El sentimiento dominante que brota de los relatos evangélicos de la Resurrección es la alegría llena de asombro, ¡pero un asombro grande! ¡La alegría que viene de dentro! Y en la liturgia revivimos el estado de ánimo de los discípulos por las noticias que las mujeres les habían llevado: ¡Jesús ha resucitado! ¡Nosotros lo hemos visto!
Dejemos que esta experiencia, impresa en el Evangelio, se imprima también en nuestro corazón y se transparente en nuestra vida. Dejemos que el asombro gozoso del Domingo de Pascua se irradie en los pensamientos, en las miradas, en las actitudes, en los gestos y en las palabras... ¡Ojalá fuésemos así de luminosos! Pero esto no es un maquillaje. Viene de dentro, de un corazón inmerso en la fuente de este gozo, como el de María Magdalena, que lloraba la pérdida de su Señor y no creía a sus ojos al verlo resucitado. Quien experimenta esto se convierte en testigo de la Resurrección, porque en cierto sentido resucita él mismo, resucita ella misma. De este modo es capaz de llevar un «rayo» de la luz del Resucitado a las diversas situaciones: a las que son felices, haciéndolas más hermosas y preservándolas del egoísmo; a las dolorosas, llevando serenidad y esperanza.
En esta semana, nos hará bien tomar el libro del Evangelio y leer los capítulos que hablan de la Resurrección de Jesús. ¡Nos hará mucho bien! Tomar el libro, buscar los capítulos y leer eso.

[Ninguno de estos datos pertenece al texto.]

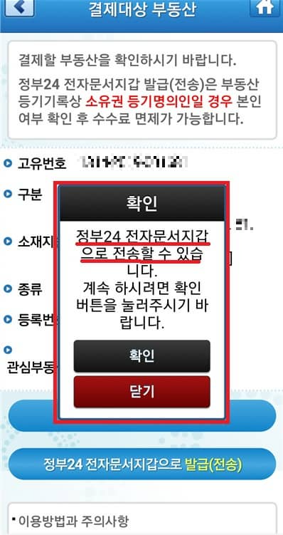 화면 속 "부동산 열람 전자발급(전송)"을 터치해주세요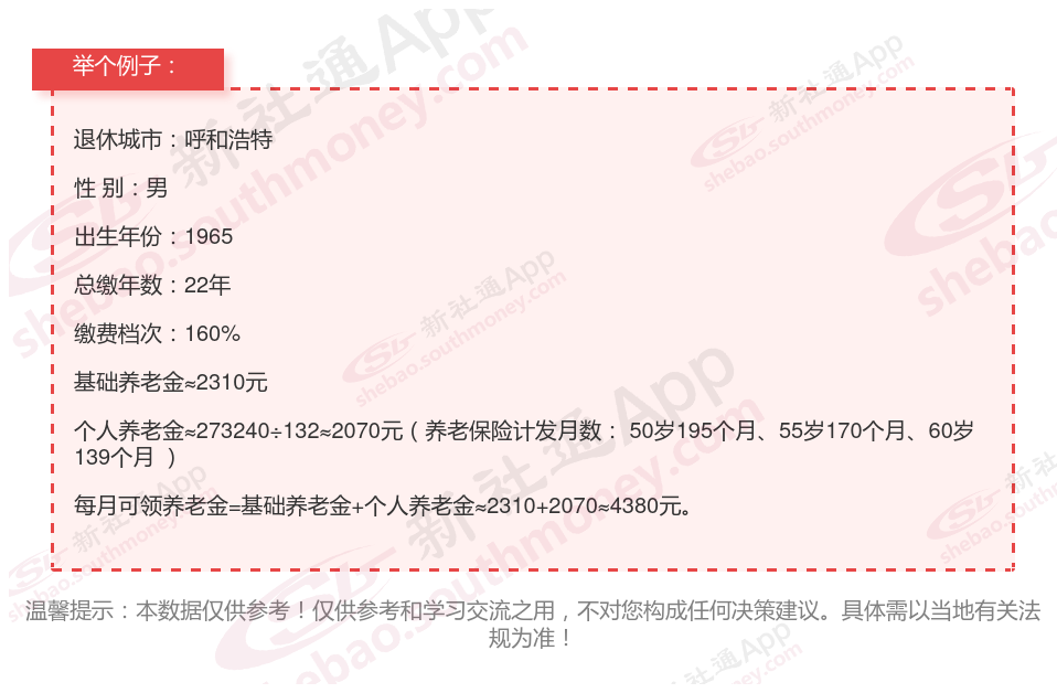 退休城市:呼和浩特,性别:男,出生年份:1965,总缴年数22年,缴费档次:160%,新社通app养老金计算器所得:

Nos hará bien, en esta semana, pensar también en la alegría de María, la Madre de Jesús. Tan profundo fue su dolor, tanto que traspasó su alma, así su alegría fue íntima y profunda, y de ella se podían nutrir los discípulos. Tras pasar por la experiencia de la muerte y resurrección de su Hijo, contempladas, en la fe, como la expresión suprema del amor de Dios, el corazón de María se convirtió en una fuente de paz, de consuelo, de esperanza y de misericordia. Todas las prerrogativas de nuestra Madre derivan de aquí, de su participación en la Pascua de Jesús. Desde el viernes al domingo por la mañana, Ella no perdió la esperanza: la hemos contemplado Madre dolorosa, pero, al mismo tiempo, Madre llena de esperanza. Ella, la Madre de todos los discípulos, la Madre de la Iglesia, es Madre de esperanza.
A Ella, silenciosa testigo de la muerte y resurrección de Jesús, pidamos que nos introduzca en la alegría pascual. Lo haremos recitando el Regina caeli, que en el tiempo pascual sustituye a la oración del Ángelus.